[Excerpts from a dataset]
-------

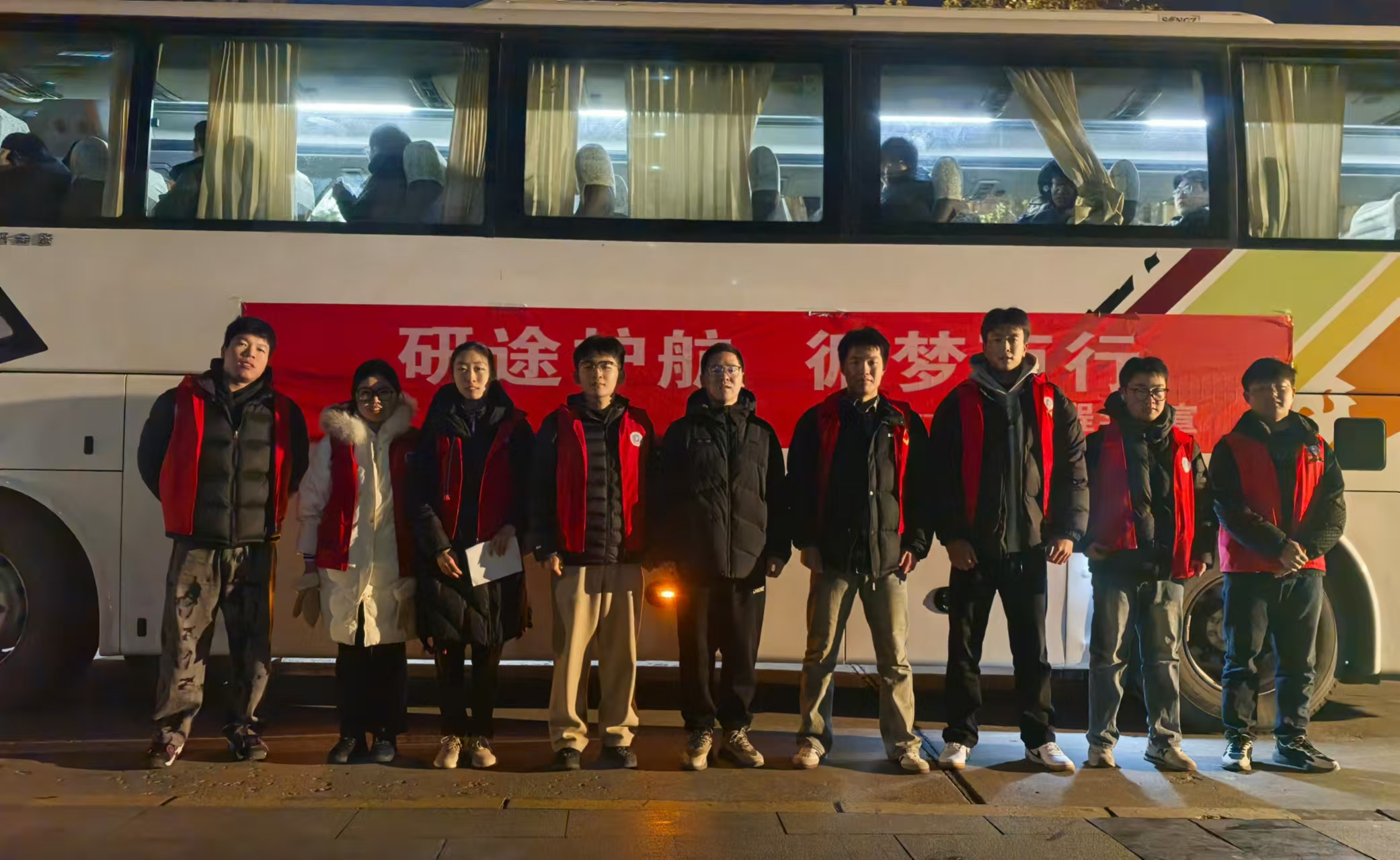考研志似火,寒天赴战歌。凌霜逐梦去,热血写巍峨。送考车内,考研学子争分夺秒,或养精蓄锐,或温故知新,皆为梦想作终极冲刺,无畏前行。爱心送考车缓缓驶离校门之际,老师与志愿者们满怀热忱,齐声高呼“加油”“金榜题名”“一战成硕”,真挚祝福如暖阳,助力考研学子逐梦路。
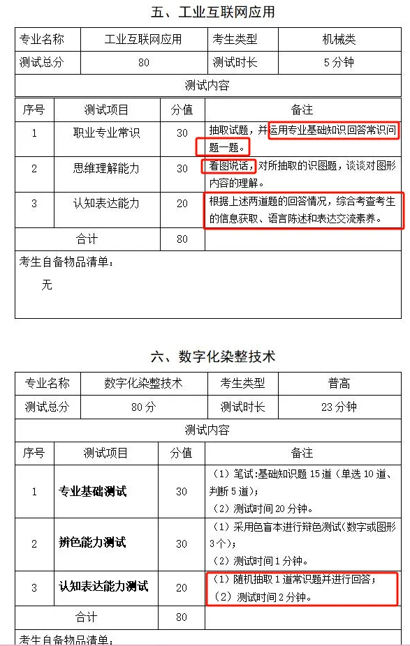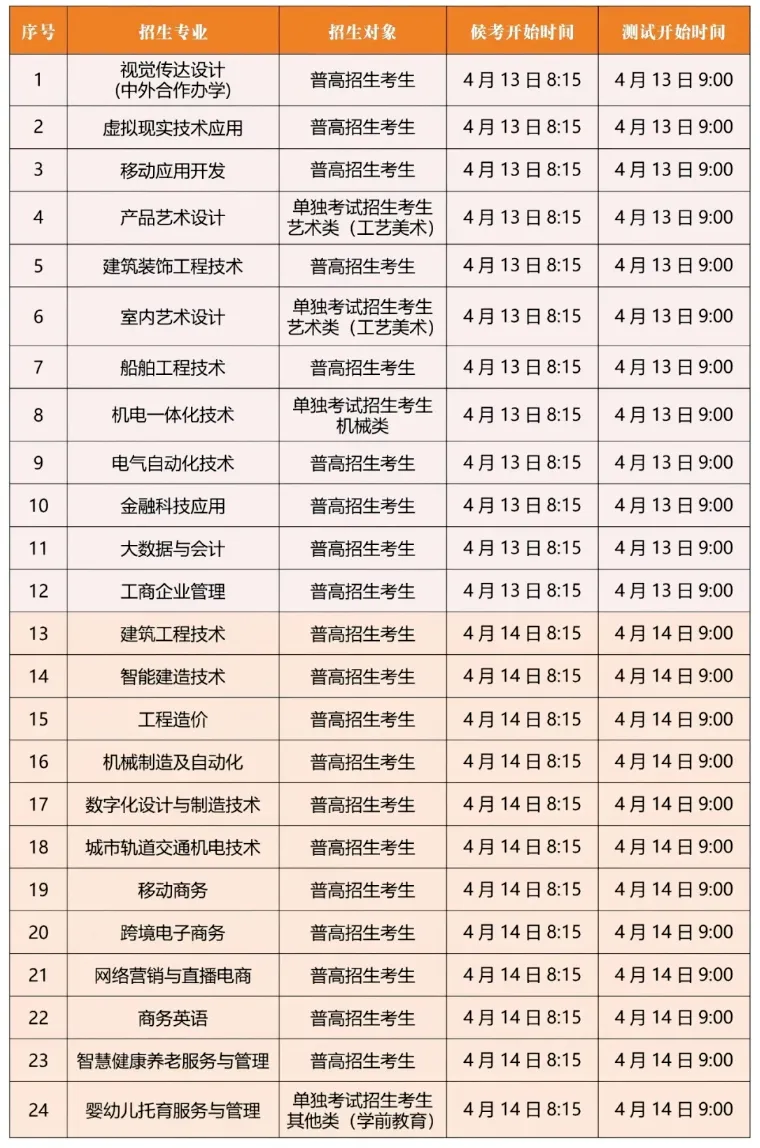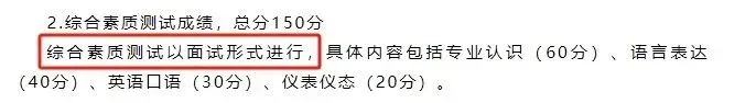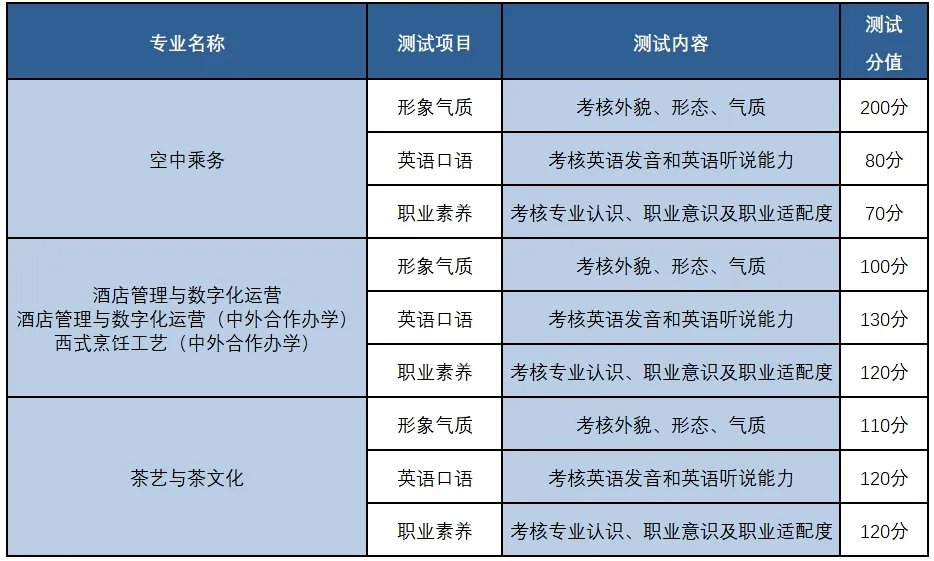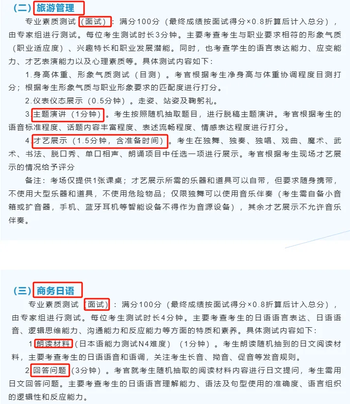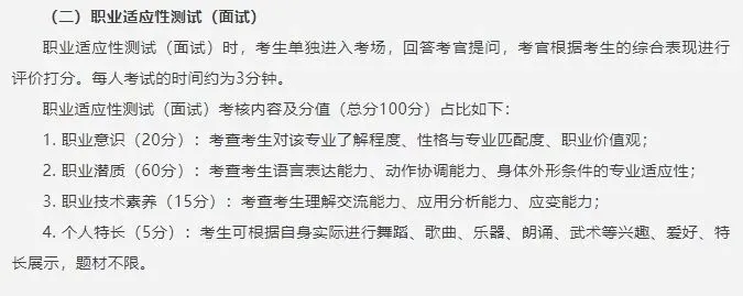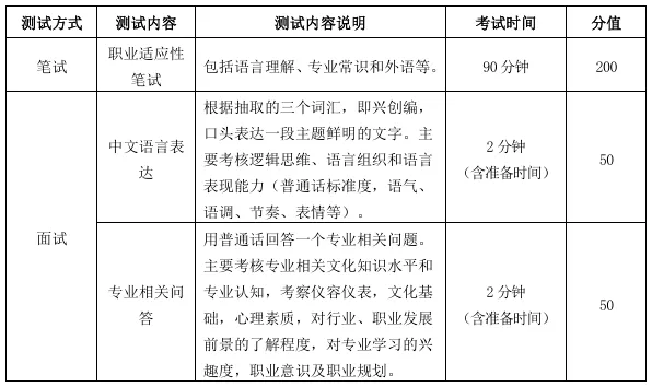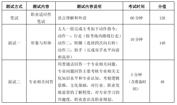 其他专业:分两个考场,一个为英语考场,考核英语发音及英语听说能力;一个为职业素养考场,对形象气质、职业素养等方面具体打分。考生单独进入考场,每人每个考场考试时间约3分钟。考试结束后交回测试号结束考试。
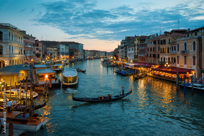 Beautiful night view of Grand Canal, Venice, Italy. Urban landscape.
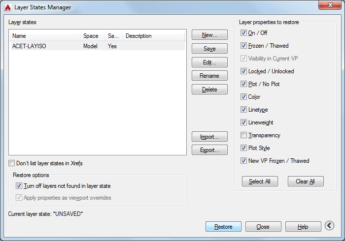 Restores the layer settings saved in the specified layer state, depending on which settings are checked in the Layer Properties to Restore column.
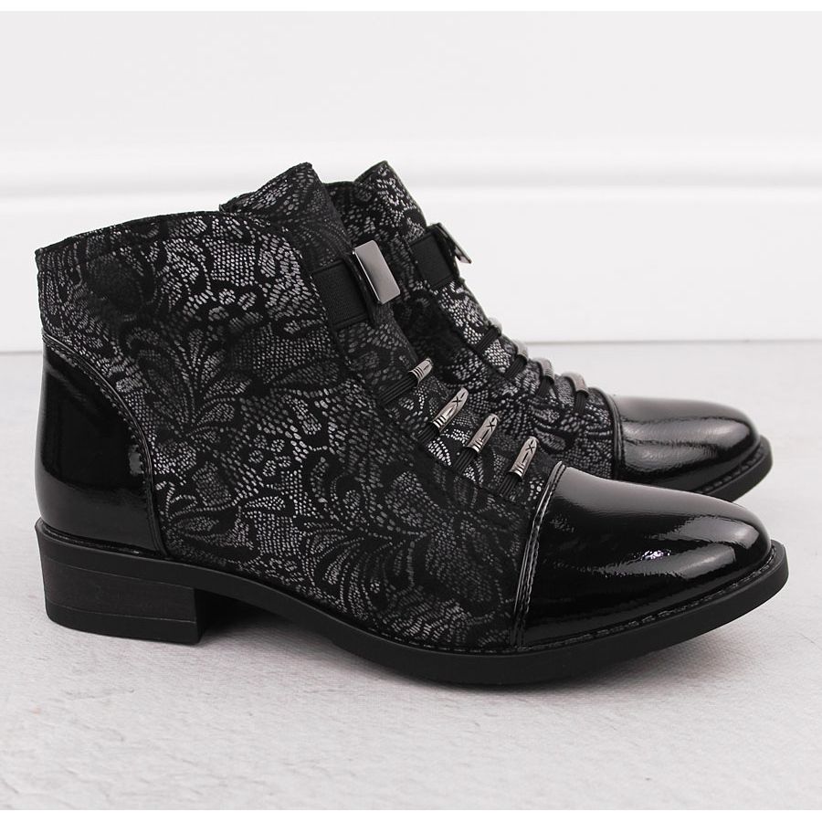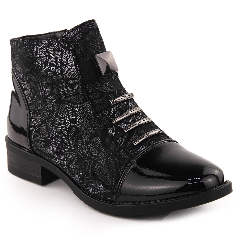 Information: Svarta ankelstövlar för kvinnor med silverblommamotiv Sabatina DM24-08
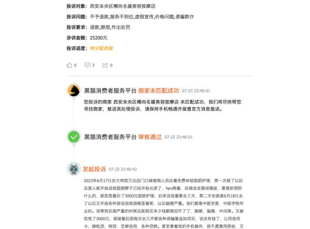 一位西安的消费者称,去年 6 月在一家按摩店充值了 3000 元,之后每次去按摩,都会被诱骗多加项目,即便自己说没钱,师傅还要让用户通过信用贷贷款来充值,只要进了这家店,不花钱走不出来,自己前前后后花了 2.5 万元。

-------

## WHAT THE TASK REQUIRES
Each record above must be returned exactly as written, with its pictures omitted.

## ANSWER BOX
考研志似火,寒天赴战歌。凌霜逐梦去,热血写巍峨。送考车内,考研学子争分夺秒,或养精蓄锐,或温故知新,皆为梦想作终极冲刺,无畏前行。爱心送考车缓缓驶离校门之际,老师与志愿者们满怀热忱,齐声高呼“加油”“金榜题名”“一战成硕”,真挚祝福如暖阳,助力考研学子逐梦路。
 其他专业:分两个考场,一个为英语考场,考核英语发音及英语听说能力;一个为职业素养考场,对形象气质、职业素养等方面具体打分。考生单独进入考场,每人每个考场考试时间约3分钟。考试结束后交回测试号结束考试。
 Beautiful night view of Grand Canal, Venice, Italy. Urban landscape.
 Restores the layer settings saved in the specified layer state, depending on which settings are checked in the Layer Properties to Restore column.
 Information: Svarta ankelstövlar för kvinnor med silverblommamotiv Sabatina DM24-08
 一位西安的消费者称,去年 6 月在一家按摩店充值了 3000 元,之后每次去按摩,都会被诱骗多加项目,即便自己说没钱,师傅还要让用户通过信用贷贷款来充值,只要进了这家店,不花钱走不出来,自己前前后后花了 2.5 万元。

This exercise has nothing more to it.